His sister nodded. “It was a lot harder than writing bad poetry, which is what my schoolmistresses set me to doing, though they didn’t know it was bad. But I think better because of ii, do you know what I mean? Maybe you don’t, because they will teach boys some worthwhile things.”
“They would--till the Algarvians got their hands on the school,” Ealstan said bitterly. But he shook his head. He didn’t want to distract himself. “I didn’t know Father had taught you anything like that, though.”
“And up until not very long ago, I wouldn’t have told you, either.” Conberge’s grimace made Ealstan see the world in a way he hadn’t before. She said, “Men don’t usually want women to know too much or be too bright--or to show they know a lot or they’re bright, anyhow. If you ask me, it’s because most men don’t know that much and aren’t that bright themselves.”
“Don’t look at me like that when you say such things,” Ealstan said, which made his sister laugh. He grabbed another plum.
“All right, you can have that one, but that’s all,” Conberge said. “If you think you’ll get away with any more, you aren’t that bright.”
Ealstan laughed then. Perhaps drawn by his amusement and his sister’s, Sidroc came in from the door that opened on the courtyard. Seeing Ealstan with a plum in his hand, he grabbed one himself. Conberge couldn’t do anything about it, not with Ealstan eating one. As she turned back to the bread dough, Sidroc asked, “What’s so funny?” His voice came blurry around a big mouthful of plum. He looked a good deal like Ealstan, save that his nose bore a closer resemblance to a turnip than to a sickle blade.
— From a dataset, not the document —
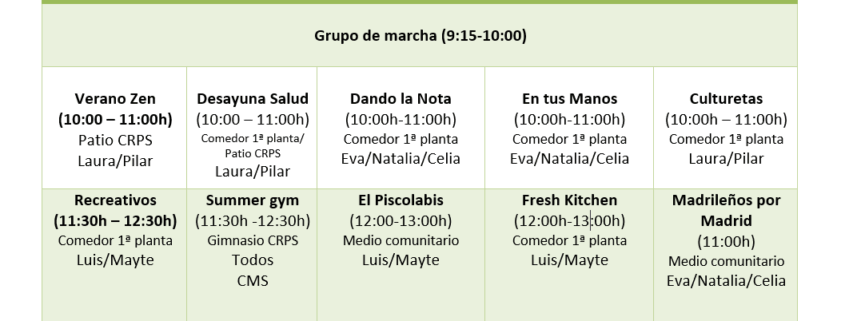 Entérate, TalleresHORARIO DE ACTIVIDADES VERANO 2025Desde el lunes 23 de junio al viernes 29 de agosto modificamos nuestra parrilla de actividades ordinarias, ofreciendo una nueva propuesta ¡¡para sobrellevar el verano de la mejor manera posible!! junio 16, 2025/0 Comentarios/por Luis Molinero https://crpsvirtual.com/wp-content/uploads/2025/06/horario-verano-corregido.png 592 1057 Luis Molinero https://crpsvirtual.com/wp-content/uploads/2020/04/logo-3.png Luis Molinero2025-06-16 12:14:482025-06-27 11:56:07HORARIO DE ACTIVIDADES VERANO 2025

“Getting stuck with bookkeeping problems,” Ealstan answered.
“Men,” Conberge added.
Sidroc looked from one of them to the other. Then, suspiciously, he looked at the plum. “Has this thing turned into brandy while I wasn’t looking?” he asked. Ealstan and Conberge both shrugged, so solemnly that they started laughing again. Sidroc snorted. “I think the two of you have gone daft, is what I think.”
“You’re probably right,” Ealstan told him. “They do say that too many bookkeeping problems--”
“Compounded quarterly,” his sister broke in.
“Compounded quarterly, aye,” Ealstan agreed. “Bookkeeping problems compounded quarterly cause calcification of the brain.”
“Even you don’t know what that means,” Sidroc said.
“It means my brain is turning into a rock, like yours was to start with,” Ealstan said. “If the Algarvians had let you take stonelore, you would have found out for yourself.”
“Think you’re so smart.” Sidroc kept smiling, but his voice held an edge. “Well, maybe you are. But so what? So what?--that’s what I want to know. What’s it gotten you?” Without waiting for an answer, he pitched his plum pit into the trash basket and stalked out of the kitchen.